COLLECTED MATERIAL:
::::

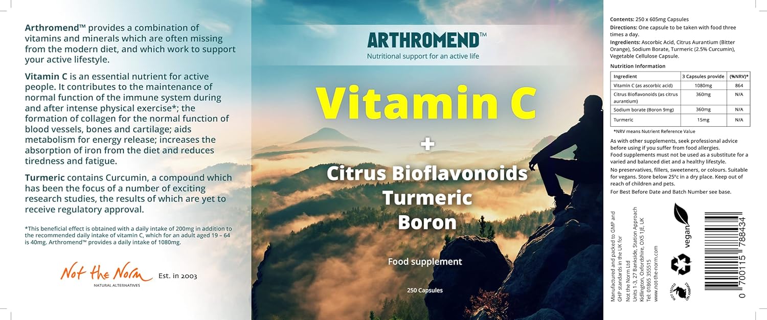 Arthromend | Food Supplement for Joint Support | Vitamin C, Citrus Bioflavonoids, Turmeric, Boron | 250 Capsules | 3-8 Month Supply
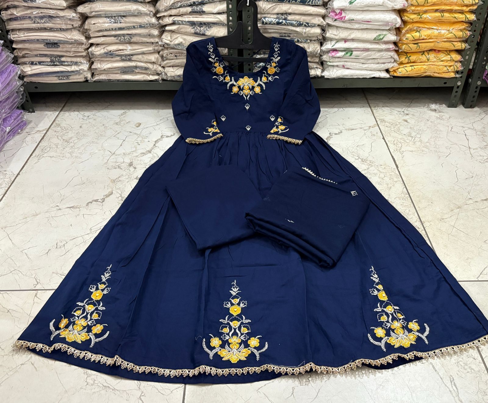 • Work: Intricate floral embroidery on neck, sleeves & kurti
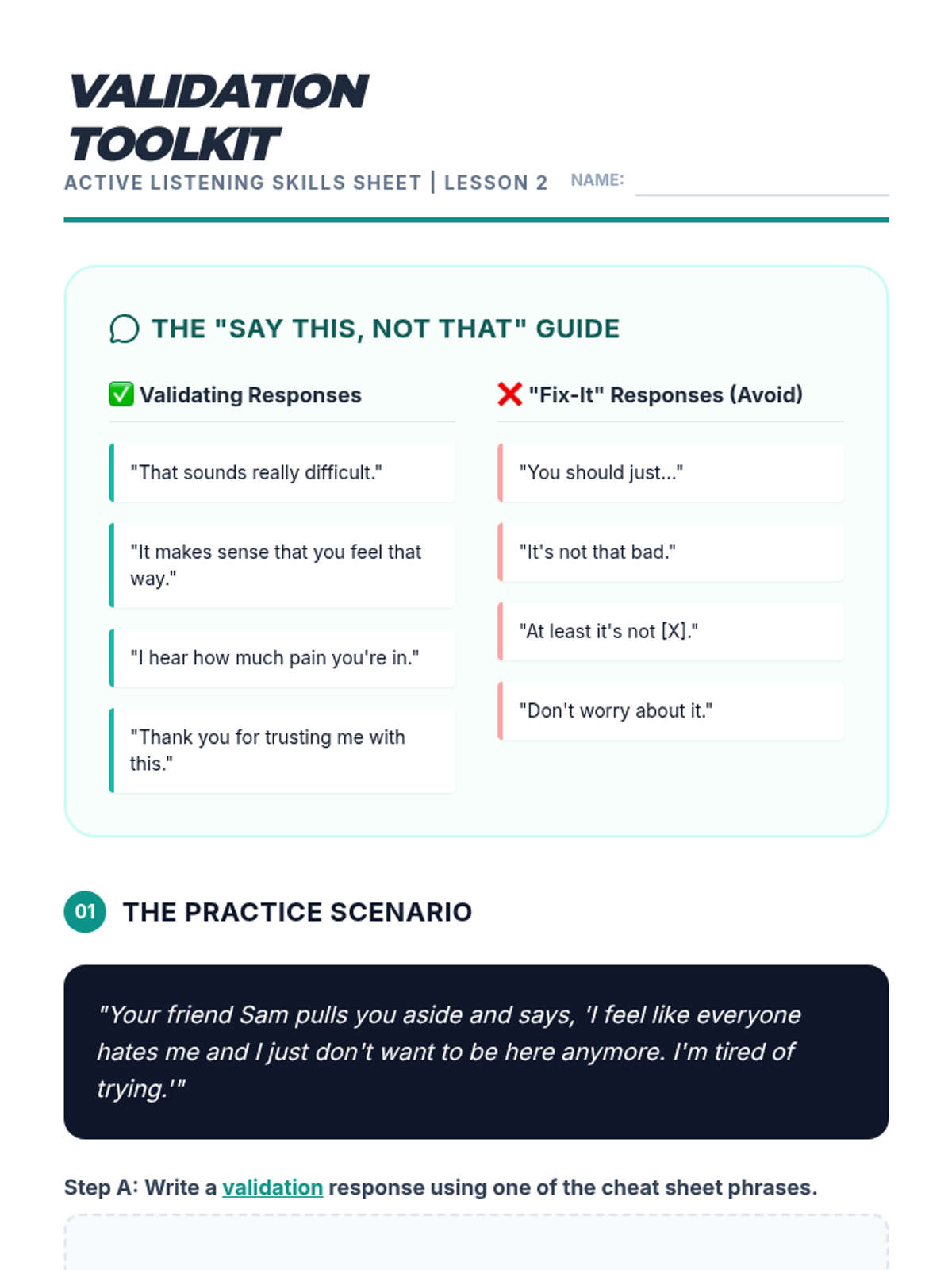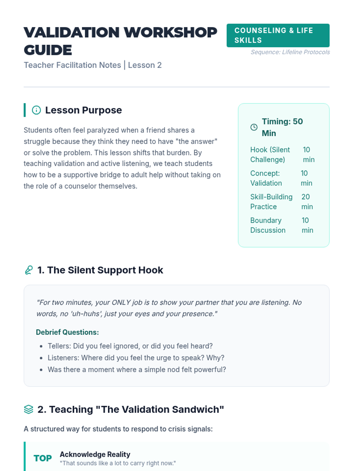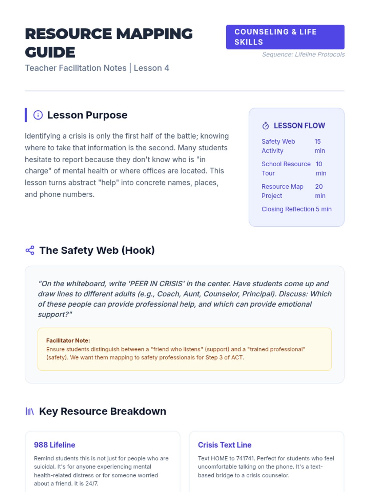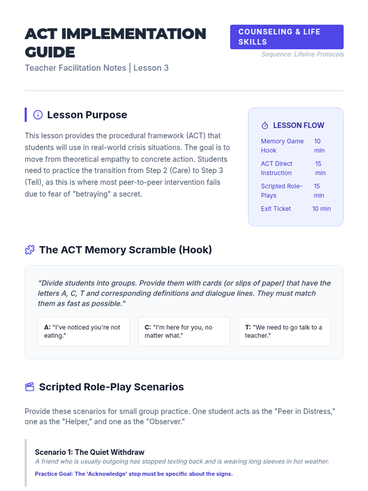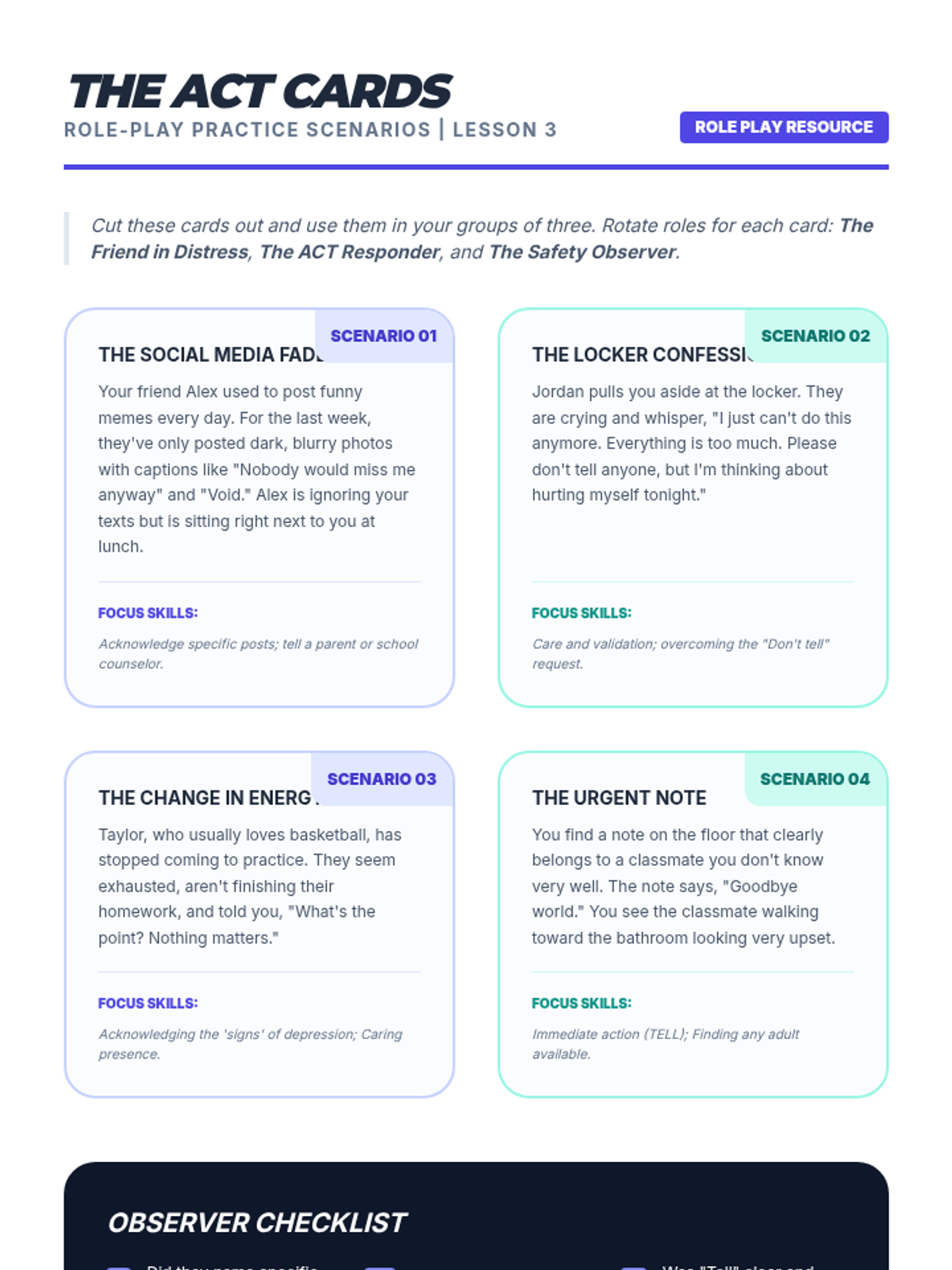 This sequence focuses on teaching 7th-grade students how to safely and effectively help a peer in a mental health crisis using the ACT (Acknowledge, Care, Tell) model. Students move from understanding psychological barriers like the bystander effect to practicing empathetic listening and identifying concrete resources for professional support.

::::

WHAT YOU WILL DO: Images should not appear in the copy; retype the listing above exactly.

RESULT:
 Arthromend | Food Supplement for Joint Support | Vitamin C, Citrus Bioflavonoids, Turmeric, Boron | 250 Capsules | 3-8 Month Supply
 • Work: Intricate floral embroidery on neck, sleeves & kurti
 This sequence focuses on teaching 7th-grade students how to safely and effectively help a peer in a mental health crisis using the ACT (Acknowledge, Care, Tell) model. Students move from understanding psychological barriers like the bystander effect to practicing empathetic listening and identifying concrete resources for professional support.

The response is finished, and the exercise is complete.